Sonder had been worried she’d somehow remember his face, though she’d never opened her eyes while he and Atta were there, but she’d said nothing of the sort, only gone on and on about her guardian angels.Thatwas why he slipped out without saying goodbye.
The sky was a slate grey when he returned to the manor, promising a heavy downpour. The house was quiet and he called out for Atta, wondering where he’d find her this time. Hopefully, he would find her curled up asleep after such a wild morning. With that as his hope, he checked her room first, but the bed was in an empty disarray. His study was also empty, so he ventured down to the kitchen to check there before heading out to the atrium. Chuckling at her recurring disappearing act, he noticed the cellar door was ajar. And the half-made sandwich on the butcher block.
Dread coated his gut.
Flinging open the cellar door, he bellowed her name, rushing down the stairs. He saw her in the dim light of the overhead bulb before he’d even made it all the way down. She was crumpled on the ground, a wet pool of something next to her.

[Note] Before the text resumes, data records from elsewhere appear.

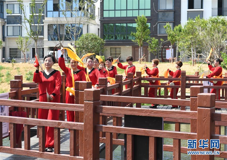 8月5日,埭溪镇小羊山村村民腰鼓队在村里的曲桥上排练。新华社记者 翁忻旸 摄
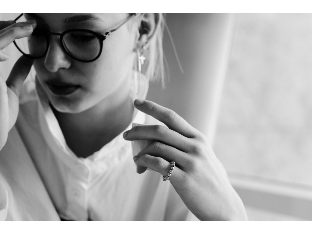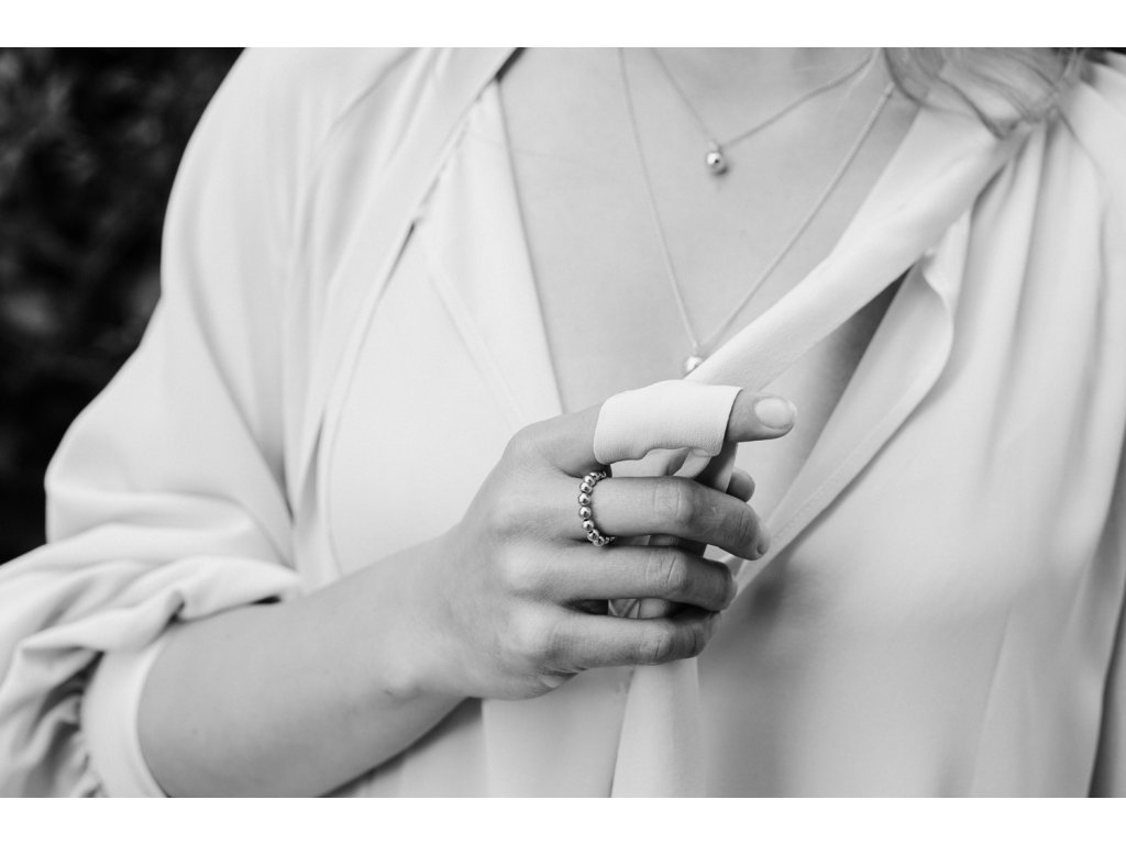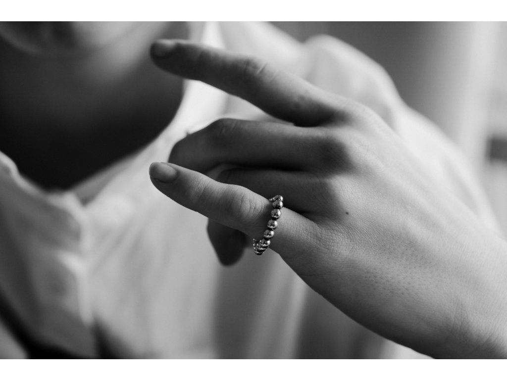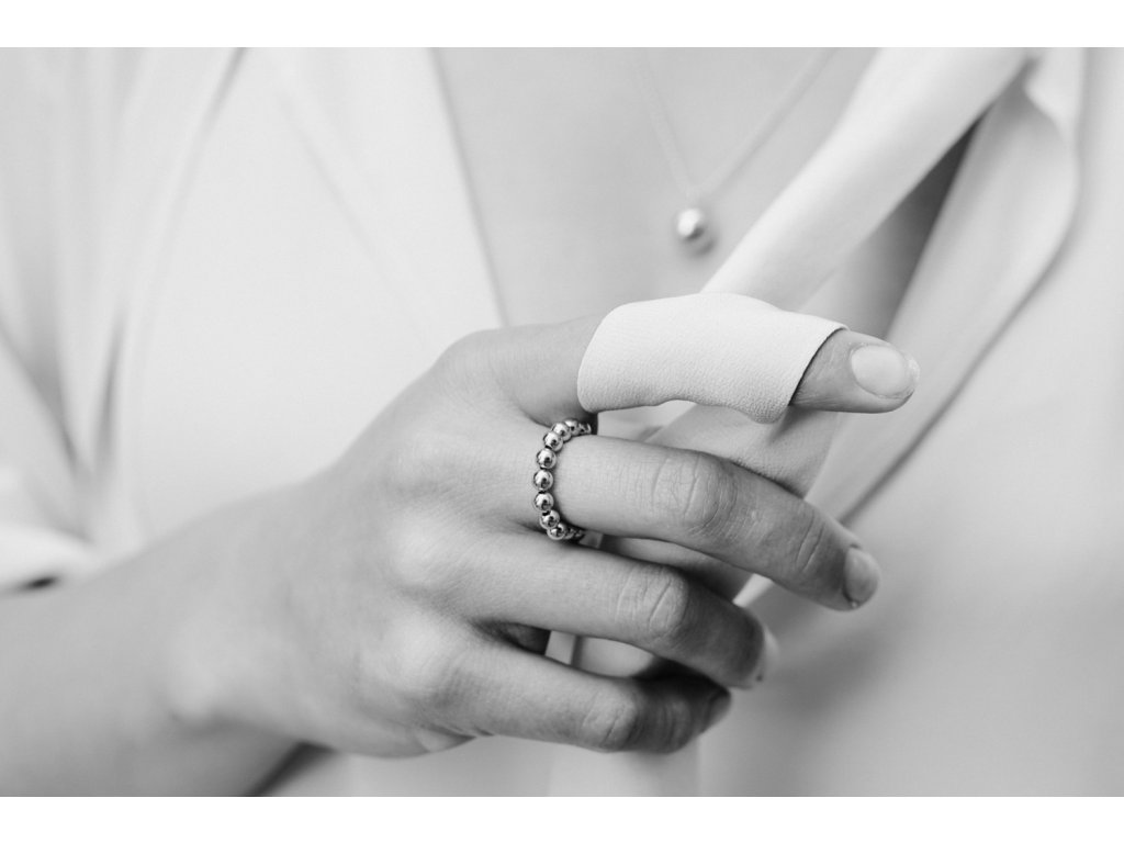 Prstýnek DOTS 4 je sestaven ze stříbrných komponent o velikosti jednotlivých korálků 4 mm a rytosti Ag 925/1000.
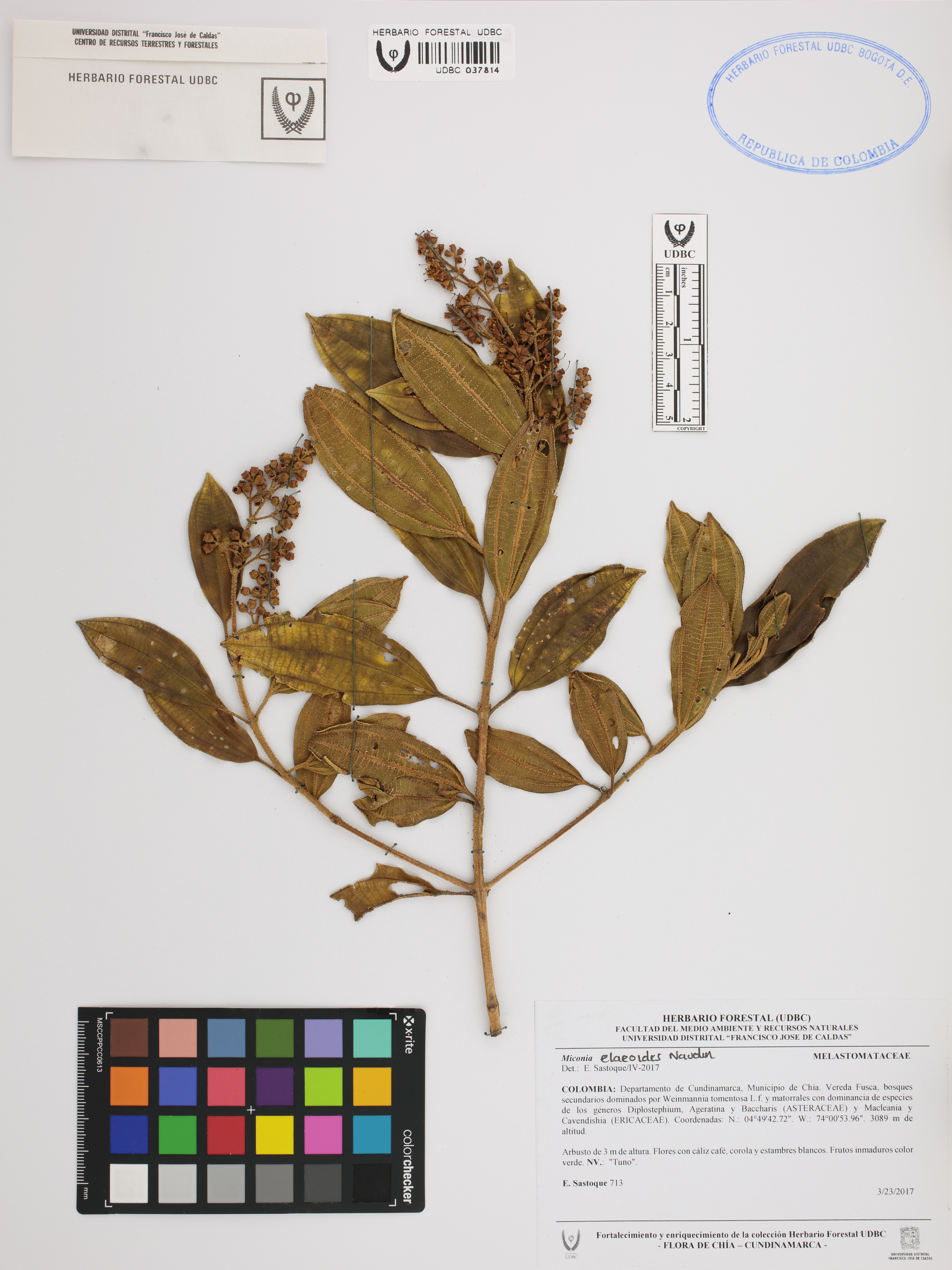 Fotografía del ejemplar Sastoque, E. 713, determinado como Miconia elaeoides en el año 2017
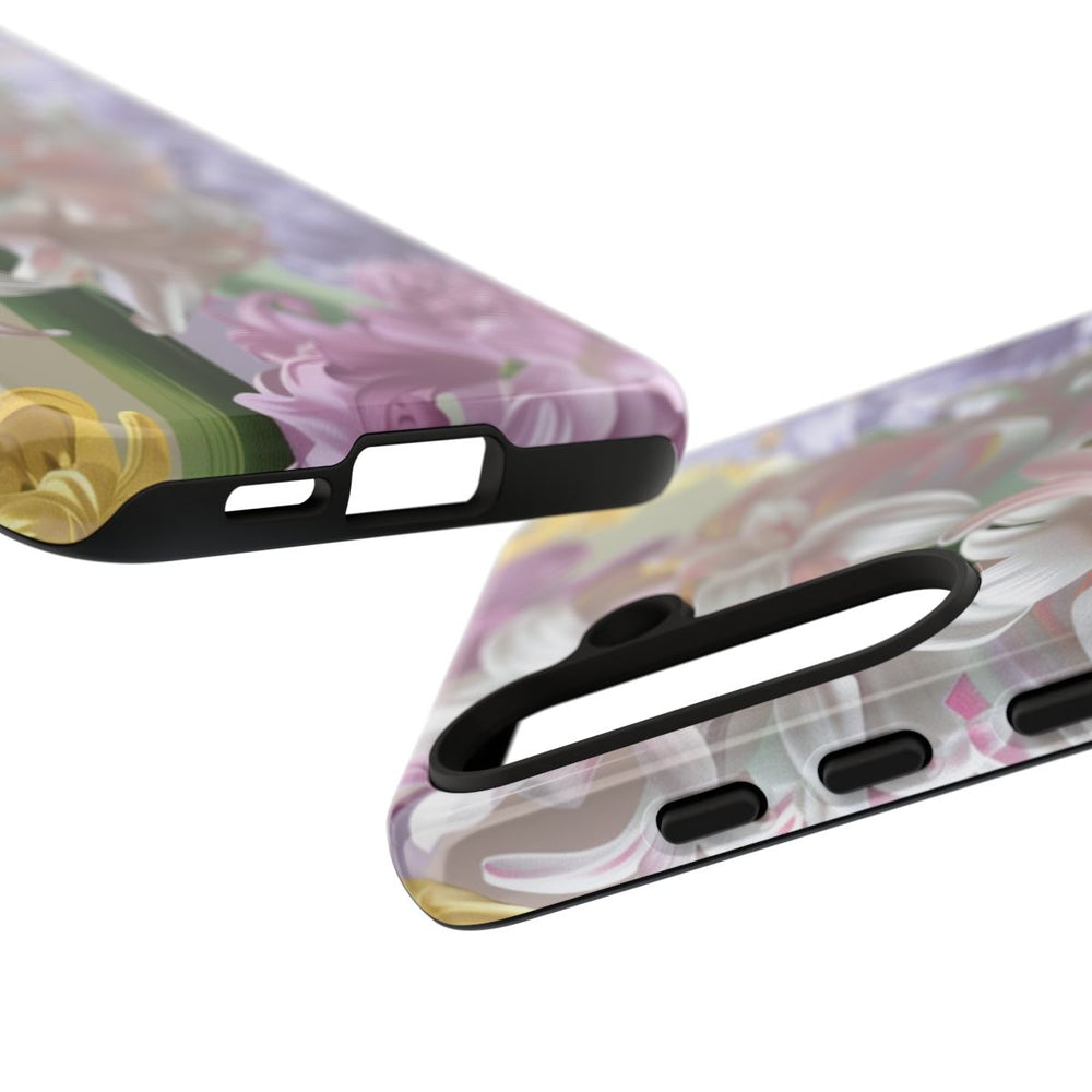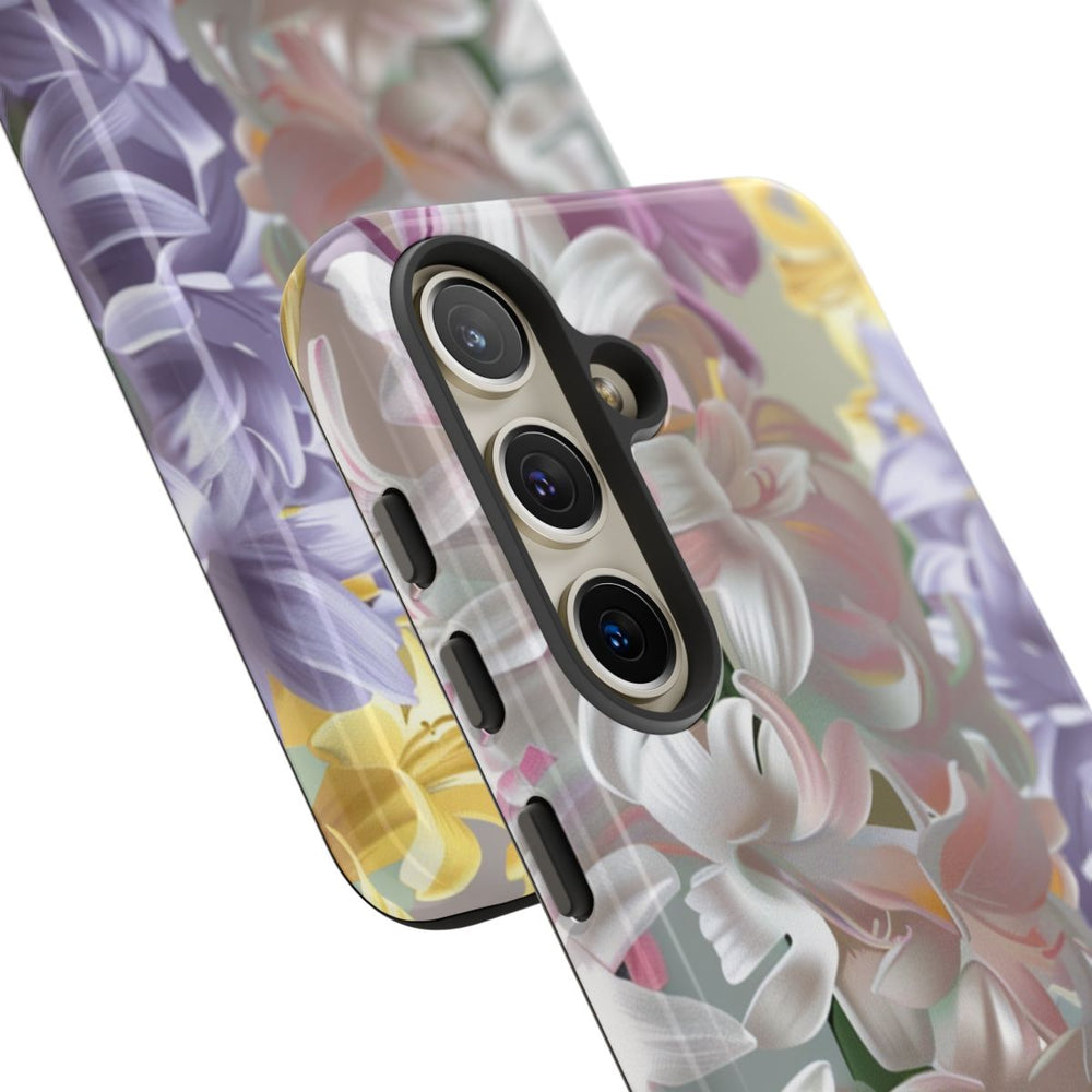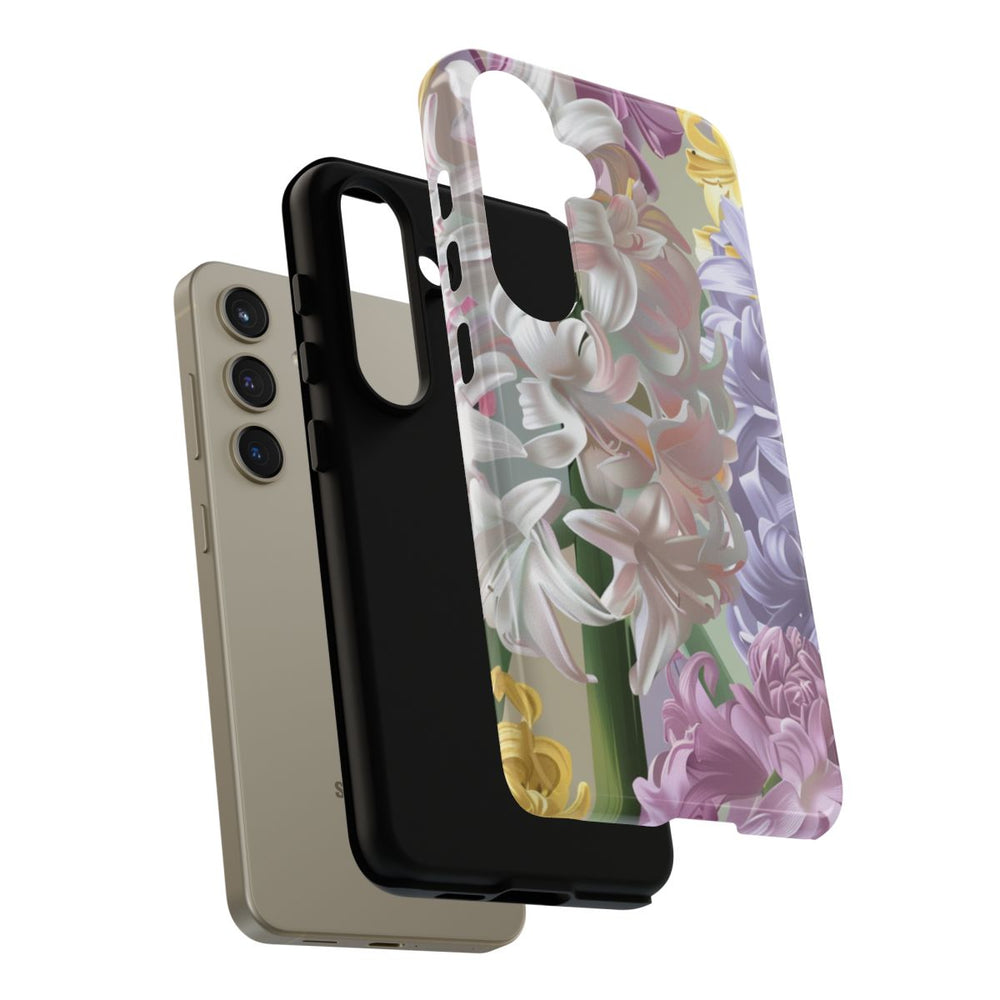 Dit hoesje is bedrukt met een doorlopend patroon van hyacinten in diverse pasteltinten, zoals paars, roze, geel en wit. De bloemen zijn gedetailleerd weergegeven met zachte, sierlijke bloemblaadjes en groene stelen, wat zorgt voor een levendige en elegante uitstraling. Het patroon is aangebracht op een glanzend en stevig hoesje met een dubbele laag: een polycarbonaat buitenkant en een TPU-binnenzijde. Hierdoor is het hoesje duurzaam en biedt het uitstekende bescherming. Het hoesje ondersteunt draadloos opladen en is bestand tegen invloeden van buitenaf.

“No, no no no.” He knelt beside her, trying to understand what happened. He touched the liquid, bringing it to his nose. “Oh thank fuck,” he exhaled when it was only lamp oil.
With two fingers on her neck, he felt for a pulse, relieved to find it was steady. He pulled her shoulders and head onto his lap, bending to quietly say her name in her ear, not wanting to startle her. Had she just fallen down the stairs? Tripped and hit her head? She didn’t stir, and he searched the shelf for the faerie lantern. It was there, intact, the door closed.